Jason v. Melton

Proceeding pursuant to CPLR article 78 (transferred to this court by order of the Supreme Court at Special Term, entered in Montgomery County) to review a determination of the Commissioner of Motor Vehicles revoking petitioner’s license to operate a motor vehicle. Petitioner was arrested on April 27, 1975 for driving while intoxicated and it is conceded that he thereafter refused to consent to a chemical test to determine the alcoholic content of his blood. The issue is whether he was first adequately warned of the consequences such a refusal might entail (see Vehicle and Traffic Law, § 1194, subd 2). The referee found, and this finding too is not disputed, that the arresting officer had informed petitioner "if you refuse to submit to this test your driver’s license or privilege to drive in this state may be revoked whether or not you are found guilty of driving while intoxicated.” We agree with respondent that this language conveyed a sufficient warning to petitioner in accordance with the statute and there is no entitlement to further advice that a refusal would result in a revocation of driving privileges (see Matter of Warren v Melton, 59 AD2d 963; Matter of Zambroski v Tofany, 40 AD2d 885, affd 31 NY2d 968; Matter of Connors v Tofany, 37 AD2d 402).
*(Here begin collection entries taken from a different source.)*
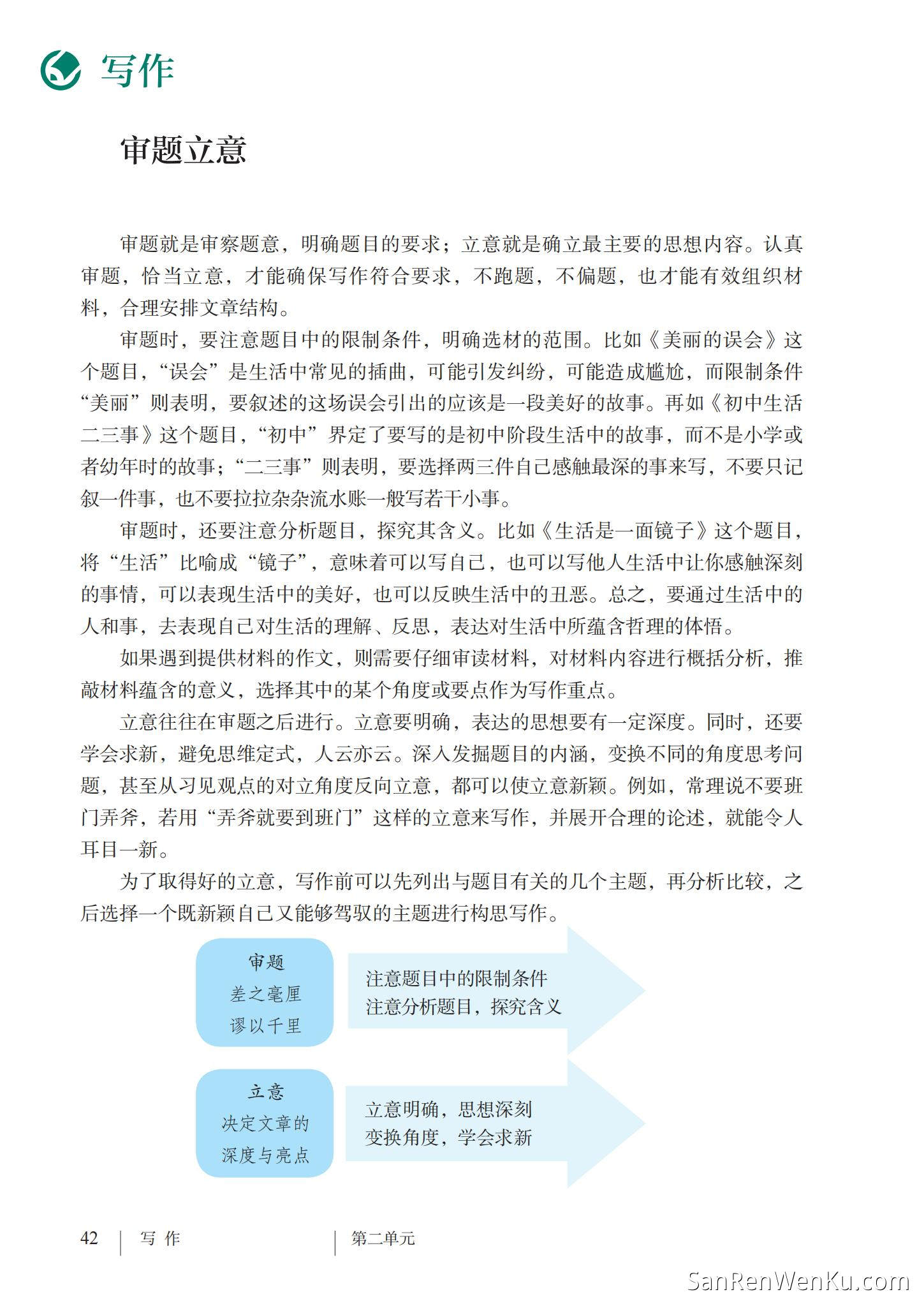 审题就是审察题意,明确题目的要求;立意就是确立最主要的思想内容。认真审题,恰当立意,才能确保写作符合要求,不跑题,不偏题,也才能有效组织材料,合理安排文章结构。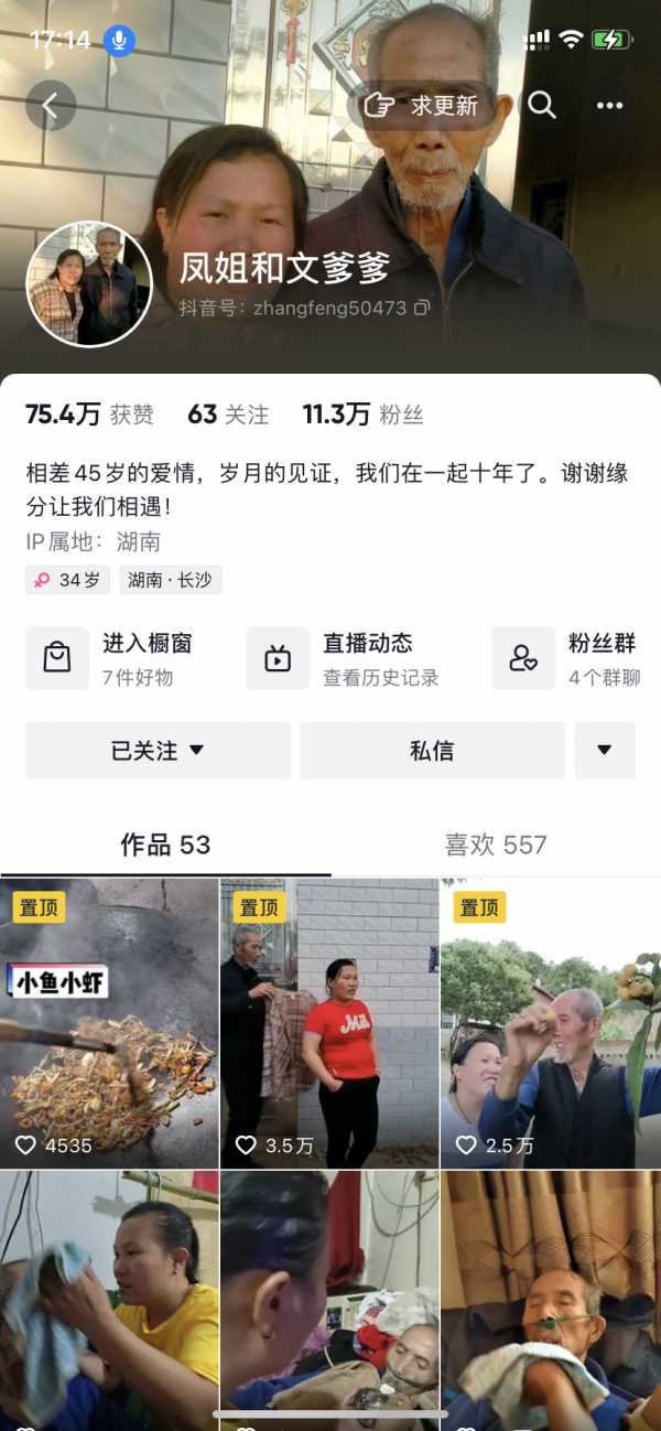 刚开始两人只是发一些日常的生活视频,看起来温馨又甜蜜,再后来随着年龄的增长,文长林的身体也越来越差,视频中更多的是张凤照顾文长林的视频。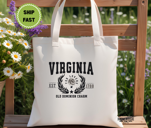 Virginia State Old Dominion Charm Cotton Canvas Tote Bag – Eco-Friendly Reusable Shopping Tote, Travel Gift & Historic State Souvenir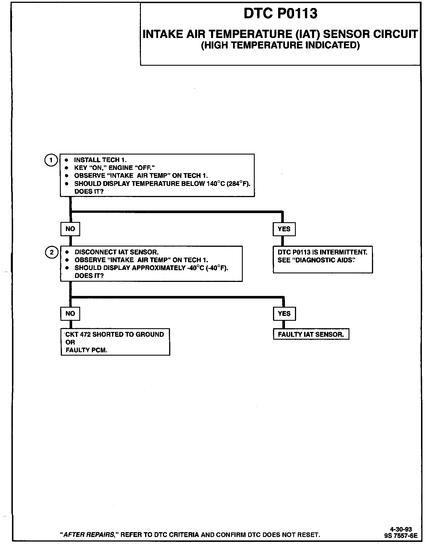 DTC P0113 Intake Air Temperature Sensor (IAT) Diagnostic Chart:

Lastly, petitioner received an opportunity to present his arguments before respondent’s appeal board. The fact that personal appearances are apparently not permitted before that entity deprived him of no rights, particularly since judicial review of the instant determination was available to him. Determination confirmed, and petition dismissed, without costs. Koreman, P. J., Greenblott, Kane, Larkin and Mikoll, JJ., concur.